- ASSIGNMENT -
Every line below must be copied as written, except for pictures.
- - - -
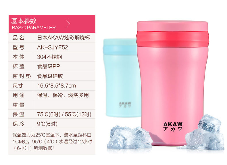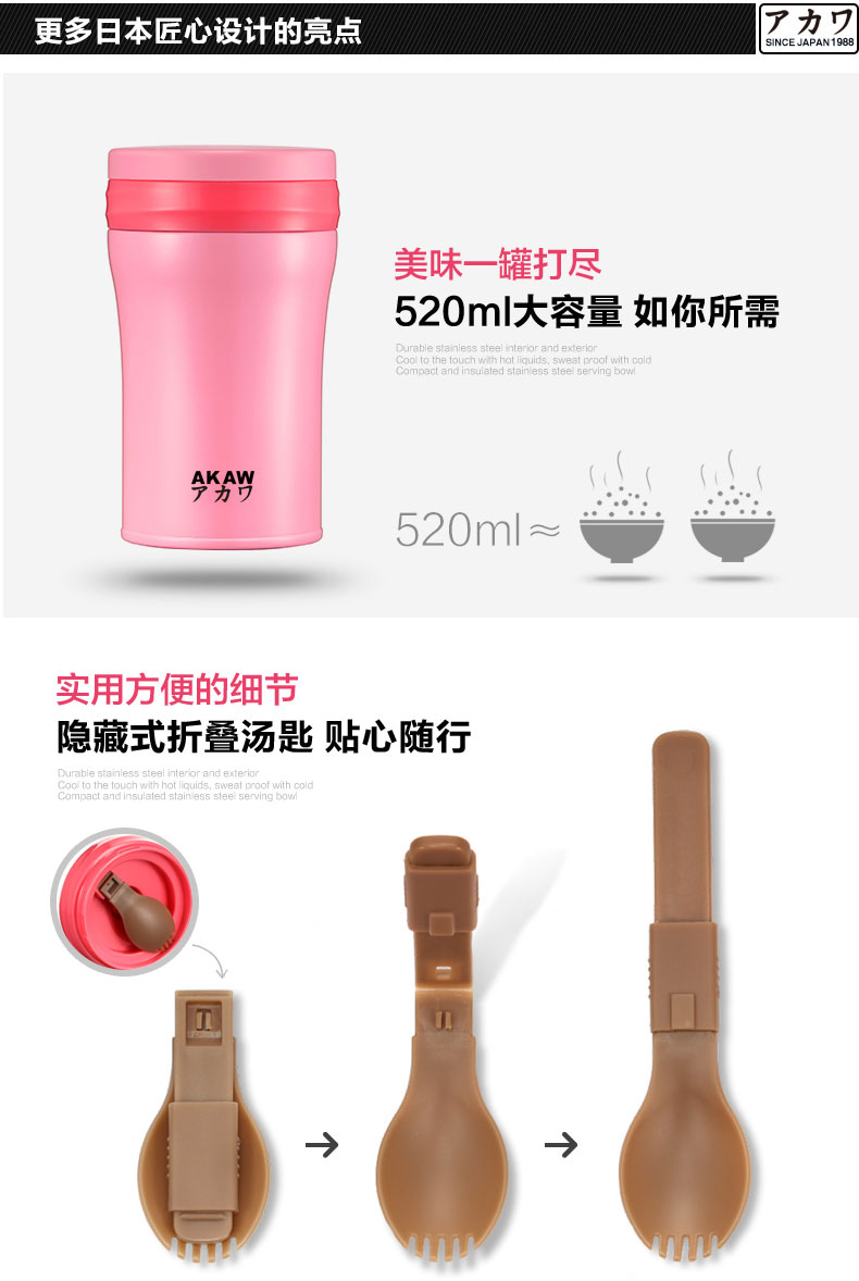 日本正品AKAW不锈钢学生儿童保温壶焖烧罐保温饭盒 真空保温杯女
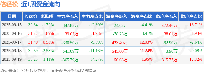 资金流向数据方面,本周倍轻松主力资金合计净流出1545.61万元,游资资金合计净流入815.58万元,散户资金合计净流入730.04万元。本周资金流向一览见下表:
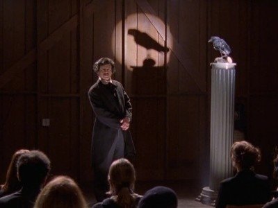 When a meeting of the Edgar Allan Poe Society at her inn is interrupted by a disaster, Lorelai must find rooms for the guests at homes around town.
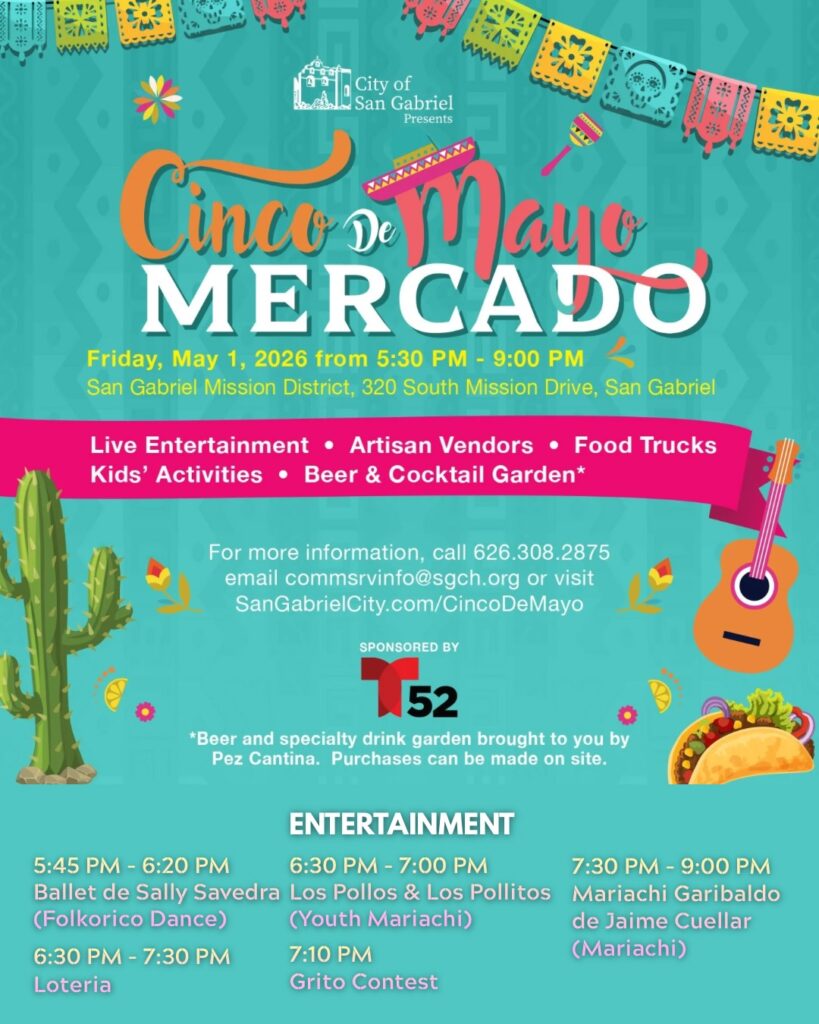The city of San Gabriel is hosting their annual Cinco De Mayo Mercado on Friday May 1st from 5:30-9pm in the Mission District (right outside of Blossom). There will be live entertainment, vendors, food trucks, kids’ activities, and a beer & cocktail garden!
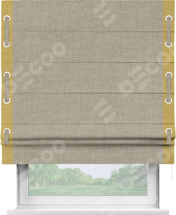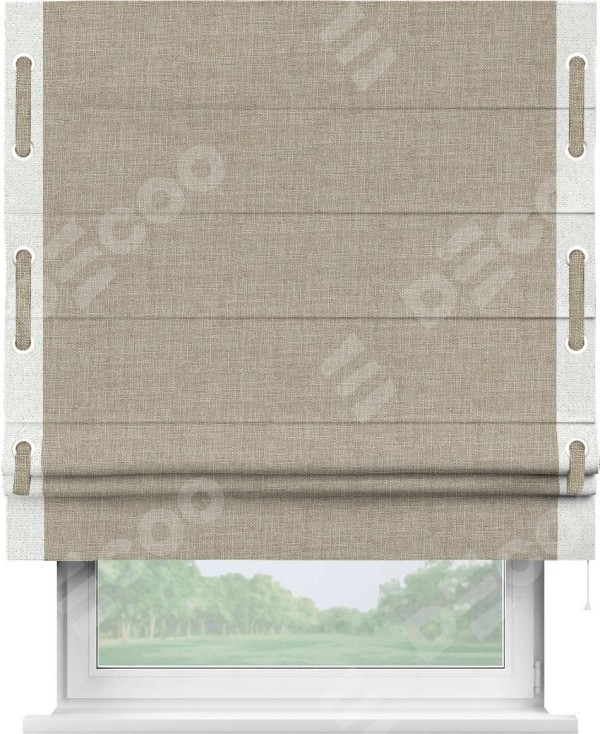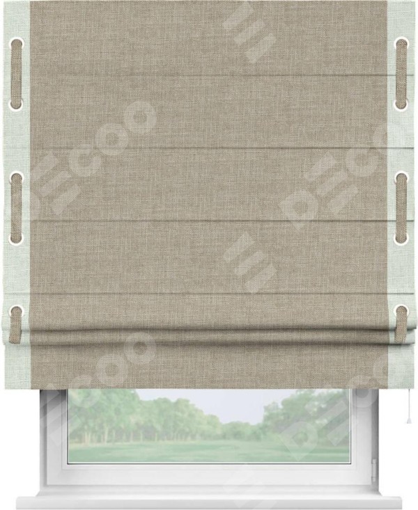 Римская штора «Кортин» для проёма, лён бежевый, с кантом Стрим Дуо (люверсы с пояском)
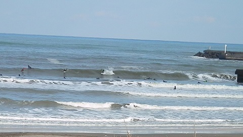 お昼にかけて堤防横は40人以上のサーファーでした。ワイド気味に入ってくるからか?
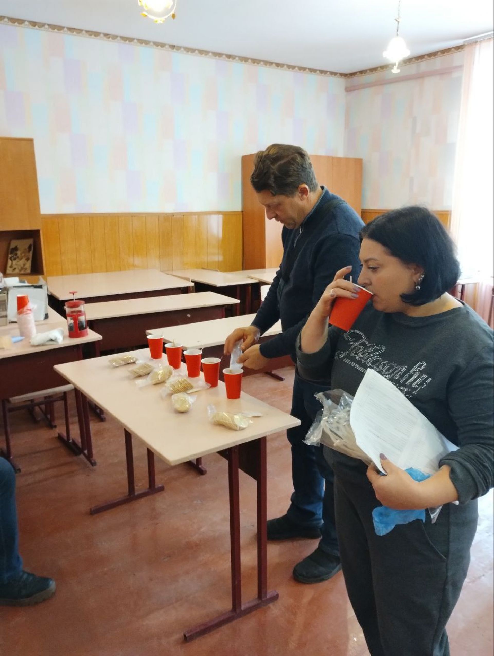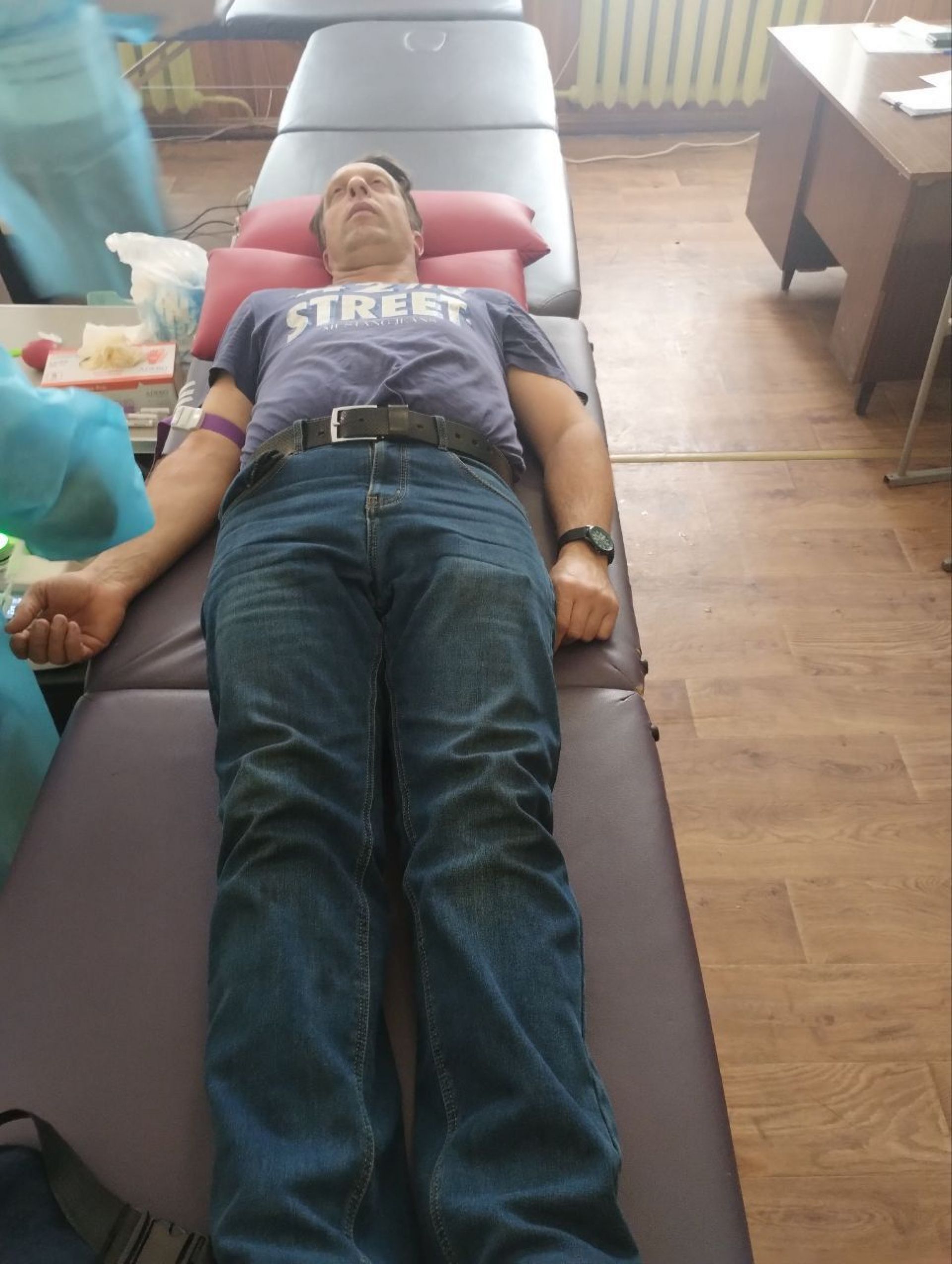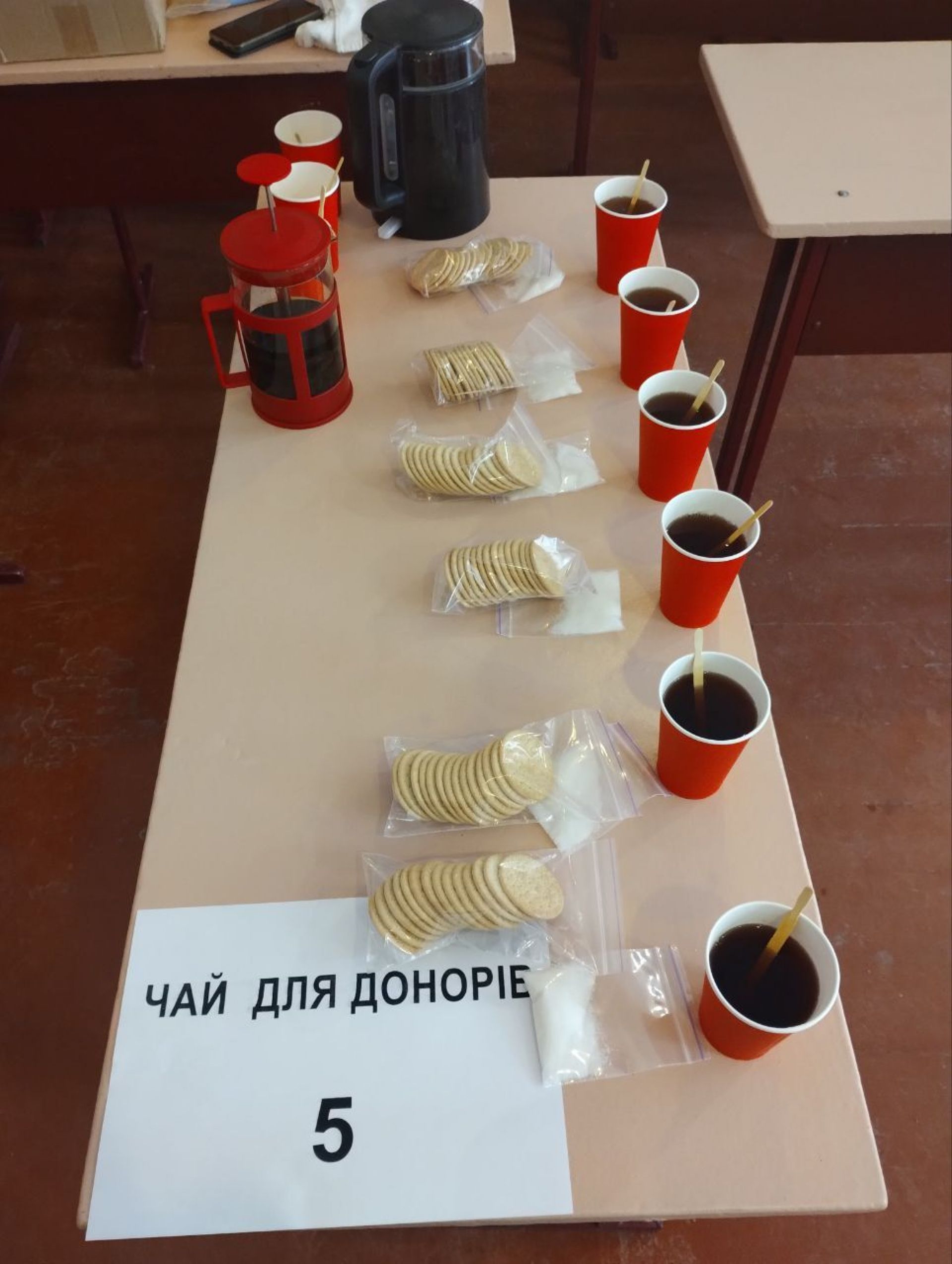 Перед тим, як здати кров спочатку потрібно було зареєструватися у відповідно облаштованому під це кабінеті. Його на момент акції назвали реєстратурою. Тут же був облаштований стіл, де донорів пригощали теплим чаєм з цукром та галетним печивом. Така процедура.
- - - -
- WRITTEN SOLUTION -
 日本正品AKAW不锈钢学生儿童保温壶焖烧罐保温饭盒 真空保温杯女
 资金流向数据方面,本周倍轻松主力资金合计净流出1545.61万元,游资资金合计净流入815.58万元,散户资金合计净流入730.04万元。本周资金流向一览见下表:
 When a meeting of the Edgar Allan Poe Society at her inn is interrupted by a disaster, Lorelai must find rooms for the guests at homes around town.
The city of San Gabriel is hosting their annual Cinco De Mayo Mercado on Friday May 1st from 5:30-9pm in the Mission District (right outside of Blossom). There will be live entertainment, vendors, food trucks, kids’ activities, and a beer & cocktail garden!
 Римская штора «Кортин» для проёма, лён бежевый, с кантом Стрим Дуо (люверсы с пояском)
 お昼にかけて堤防横は40人以上のサーファーでした。ワイド気味に入ってくるからか?
 Перед тим, як здати кров спочатку потрібно було зареєструватися у відповідно облаштованому під це кабінеті. Його на момент акції назвали реєстратурою. Тут же був облаштований стіл, де донорів пригощали теплим чаєм з цукром та галетним печивом. Така процедура.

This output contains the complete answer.